今月ワールドカップ2次予選で北朝鮮とホーム&アウェイで対戦する日本代表。14日(木)に最新の代表メンバーが発表された。

一番のトピックは、オランダのNECで活躍している小川航基の4年半ぶりの復帰だ。

代表エースであるフェイエノールトの上田綺世が今季1得点にとどまっていることを考えれば、同じオランダの地で公式戦12得点を決めている彼の復帰は当然といえるだろう。

大器の挫折と復活



小川は、あの中村俊輔を輩出した桐光学園の出身。身長186cmで足元も上手い彼は“高校ナンバーワンFW”と騒がれ、10代の頃から将来を嘱望された逸材だった。

しかしジュビロ磐田で始まった彼のプロキャリアは挫折と苦悩の連続で、エースとして臨んだ2017年U-20ワールドカップのグループ第2節ウルグアイ戦で左膝の前十字じん帯断裂および半月板損傷の大ケガを負い、1年近くを棒に振った。



その後、期限付き移籍した水戸ホーリーホックで復活し、2019年12月に行われたE-1選手権で日本代表に初招集。香港とのデビュー戦でハットトリックという偉業を成し遂げた。だがあくまで国内組限定のE-1であり、その後彼の名前がA代表で呼ばれることはなくエース候補だった東京五輪のメンバーからも落選した。

転機となったのは2022年、高校の先輩である中村俊輔も所属したJ2・横浜FCへ完全移籍だ。

この年横浜FCはJ2優勝とJ1昇格を成し遂げたが、小川はトップとシャドーで併用されながら26得点を決めてJ2得点王に輝いたのだ。J1復帰となった翌シーズンも好調を維持すると、夏にはオランダのNECに移籍。海外初挑戦となったがここでもゴールを重ね、およそ4年半ぶりの代表復帰へとこぎつけた。

日本代表への覚悟



Qolyでは、小川が横浜FCに所属していた2022年10月にインタビューを実施している。当時J2でゴールを量産していた彼にはワールドカップを控える代表への待望論があり、その質問をぶつけるとこのような答えが返ってきた。

「(日本代表の)一番前は固まっていない感じがあります。見てて『難しいだろうな』と思うこともありますけど…僕でも全然そこのポジションを担うというか、それぐらいの覚悟はありますしできる自信もあります」



日本代表は近年スピード型の選手を重用しており、大型の選手が選ばれていない現実がある。
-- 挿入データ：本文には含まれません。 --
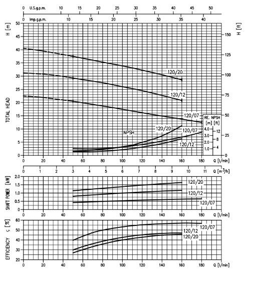 Корпус насоса выполнен из высококачественной нержавеющей стали AISI 304, а рабочее колесо из AISI 304. Данная модель обладает номинальным расходом 12 м³/час (макс. 15 м³/час), расход при этом составляет 21,3 метров водного столба (макс. 22,8 м). Диаметр напорного патрубка выполнен в формате 1 дюйм. Двигатель насоса питается от напряжения 3х380В и обладает мощностью 0,9 КВт.
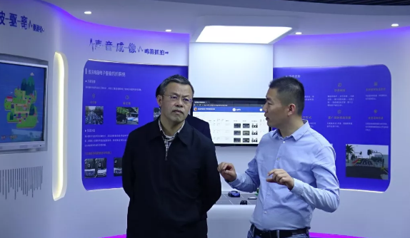 接著,來到違法鳴笛電子警察抓拍系統展示區,工作人員通過產品原理演示以及后臺數據反饋,讓鈕躍鳴副主席一行輕松理解違法鳴笛抓拍系統獨特的“聲源定位”和“聲音成像”技術。面對這一項對智慧交通發展以及城市文明建設工作有積極作用的技術成果轉化,鈕躍鳴副主席表達了對其今后部署的關注。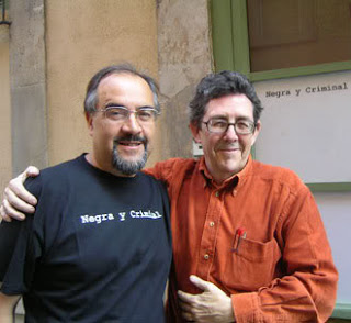 Díaz Eterovic con el librero y escritor Paco Camarasa, en la Librería Negra y Criminal. Barcelona..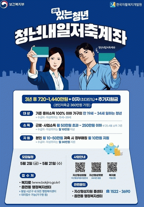 청년내일저축계좌 사업은 일하는 청년이 자산 형성과 자립의 기반을 마련해 사회에 안착할 수 있도록 기회를 주는 복지사업으로 일정 소득 요건을 갖춘 근로 청년이 3년간 매월 10만 원 이상 꾸준히 저축하면, 정부가 소득계층에 따라 월 10~30만 원의 근로소득장려금을 추가 적립해 주는 제도다.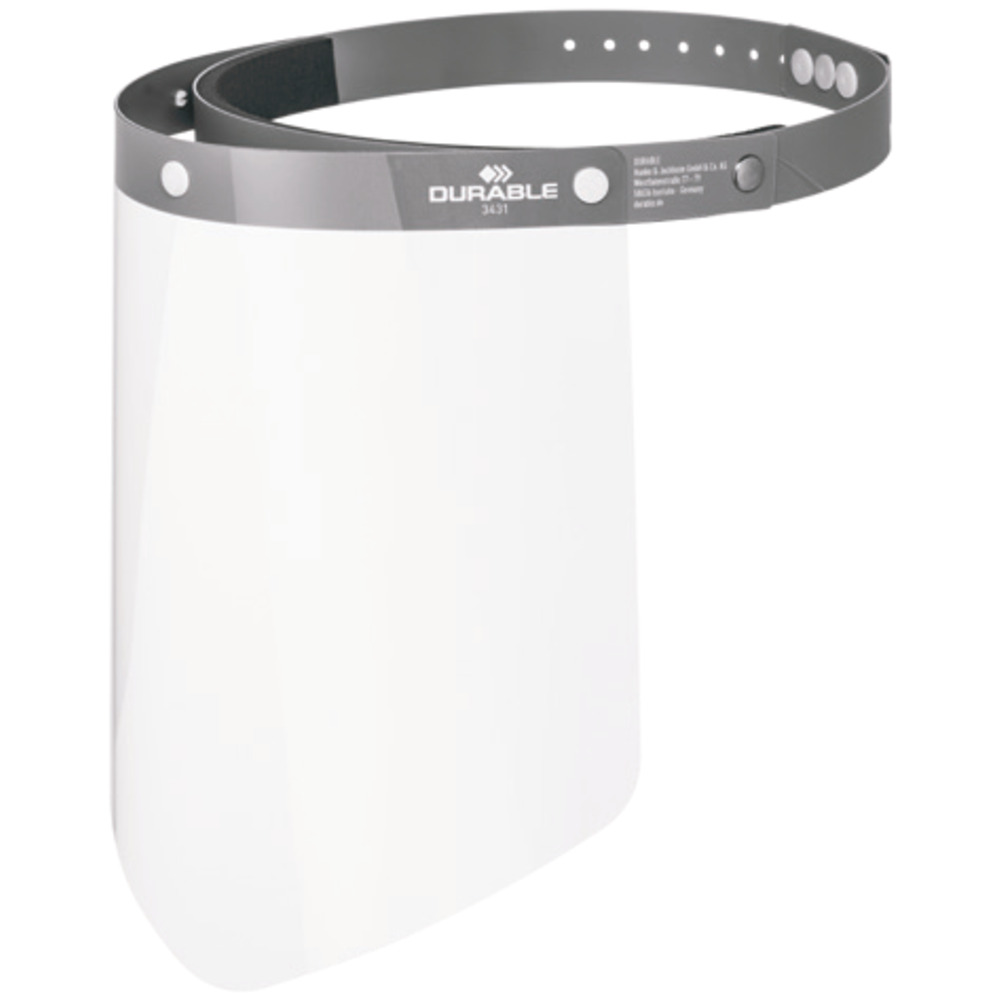 Copre perfettamente bocca, naso e occhi. Non impedisce i movimenti della testa. La visiera può essere sollevata, ideale per quando si lavora al computer. Si fissa tramite una chiusura a strappo, ideale per teste con circonferenza tra i 53-62 cm.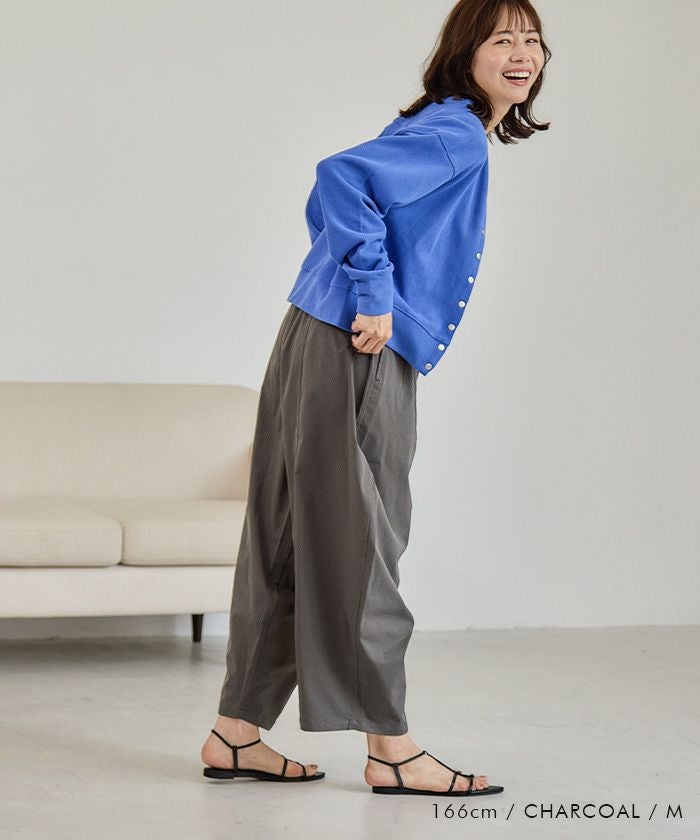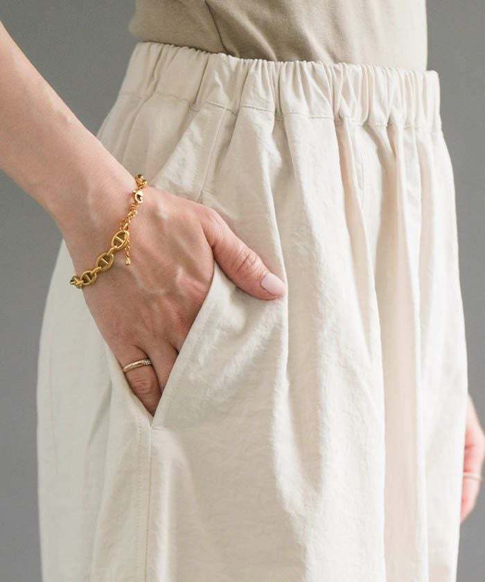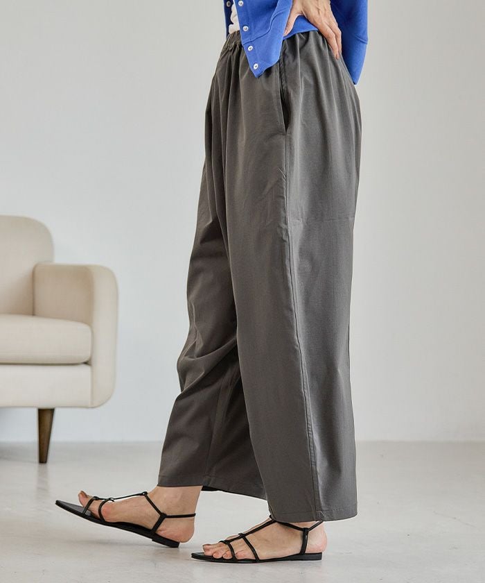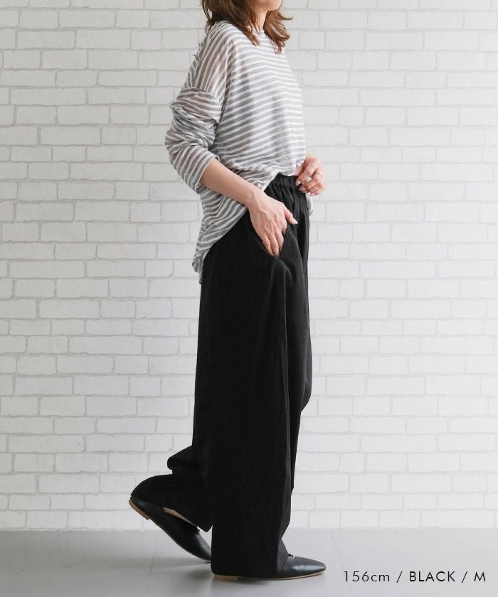 ウエストゴム仕様で快適な穿き心地を実現し、デイリーからオフィスまで幅広く活躍します。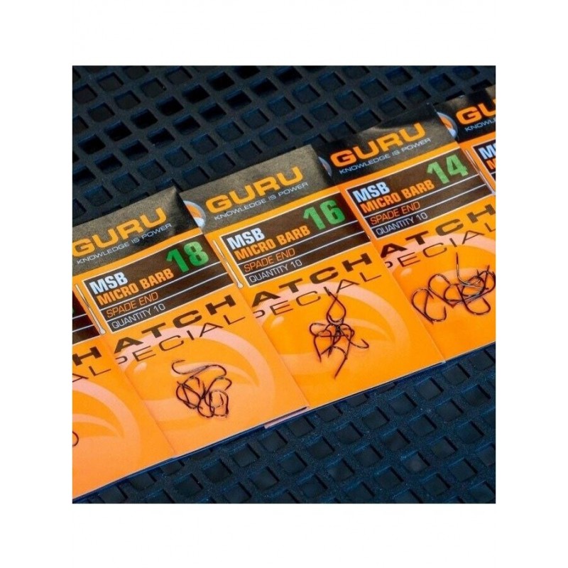 Kabliukai GURU MATCH SPECIAL - skirti žvejybai pludine ir dugnine meškere. Su mikro užkarpėle. Specialaus lenkimo. Šie kabliukai giriami žvejų profesionalų forumuose. Tvirtinimas prie valo - lopetėlė. Pakuotėje 10 vnt. Spalva - tamsi bronzinė.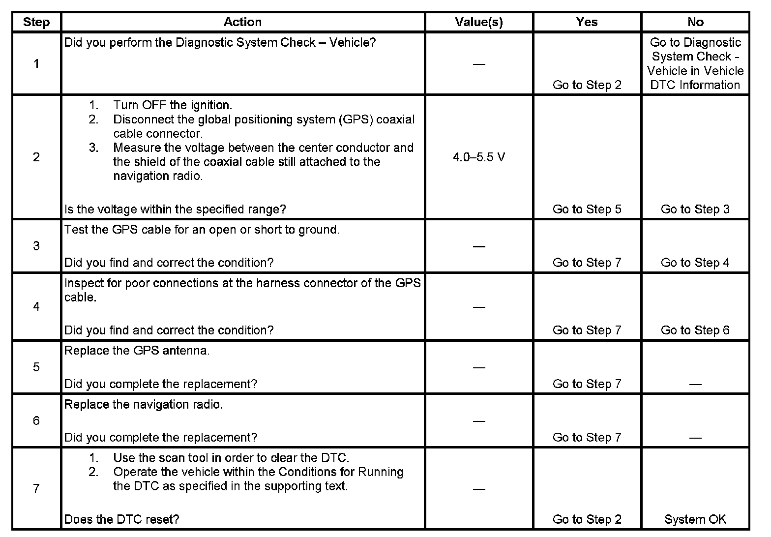 The numbers below refer to the step numbers on the diagnostic table.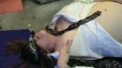 Aqui nós vemos uma mulher com uma máscara que se toca e fica excitada antes de sugar a rola do seu homem e de ele ficar bem duro para ela!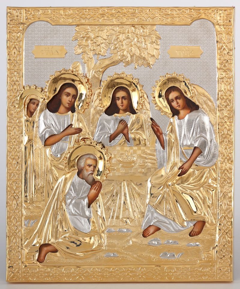 Икона живописная Святой Троицы 24х30 масло, риза №162, золочение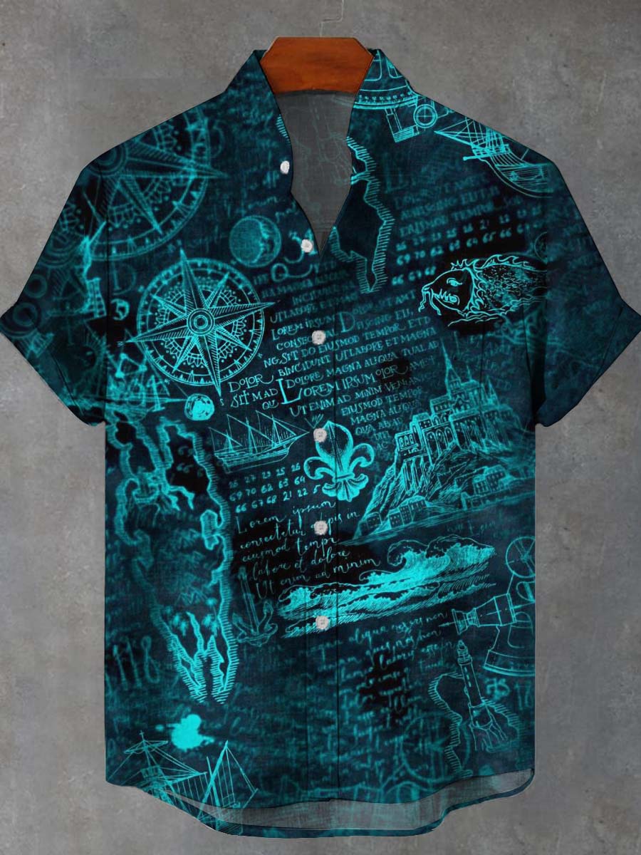 Men's Vintage Nautical Print Casual Short Sleeve Shirt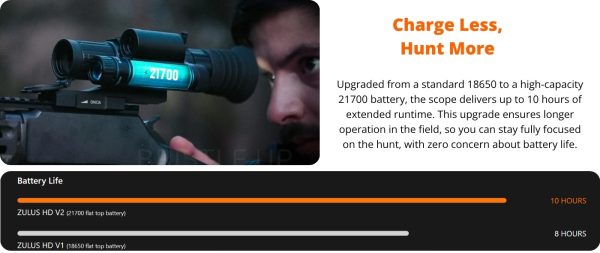 Designed for field endurance, the V2 runs on a high-capacity 21700 battery, offering up to 10 hours of runtime, a significant upgrade over the previous generation. A redesigned magnification lever replaces the V1’s wheel for fast, glove-friendly adjustments, while 65mm of eye relief ensures safer, more comfortable shooting over extended sessions.

それについても、「スピード型の選手が結果を残して代表に上り詰めただけであって、僕自身が結果を出してそこまで行けば、大型の選手がFWで起用されることも全然あると思う。そこは結果を出したもん勝ちかなとは思いますね」と意に介さなかった。

大迫勇也の後継者に



小川は中学生の頃まではトップ下でプレーしており、父親の指示でとにかく両足でのシュートを練習していたという。それが彼の高い決定力に繋がっているようだ。

また、参考にしていたのはあの選手だったという。

「小さい頃はそんなにいなかったですけど、年齢が上がっていくにつれて日本だったら大迫(勇也)選手のプレーを参考にしていました。『キープできて、点を取れる』のが本当に良いフォワードだと思ってたので。大迫選手や海外ならレヴァンドフスキやルイス・スアレスを参考にしてます」

代表の名波浩コーチは、自身をジュビロ磐田に誘ってくれた恩師になる。恩師のもと、近年の代表に欠けていた高さとポストプレーという武器で新たな景色を見せてくれるだろうか。

インタビューの最後に小川は力強くこう語ってくれた。「僕のストーリーというか僕のサッカー人生はここからどんどん上に登っていくと思っている」。

26歳になった大器の新しいストーリーに期待しよう。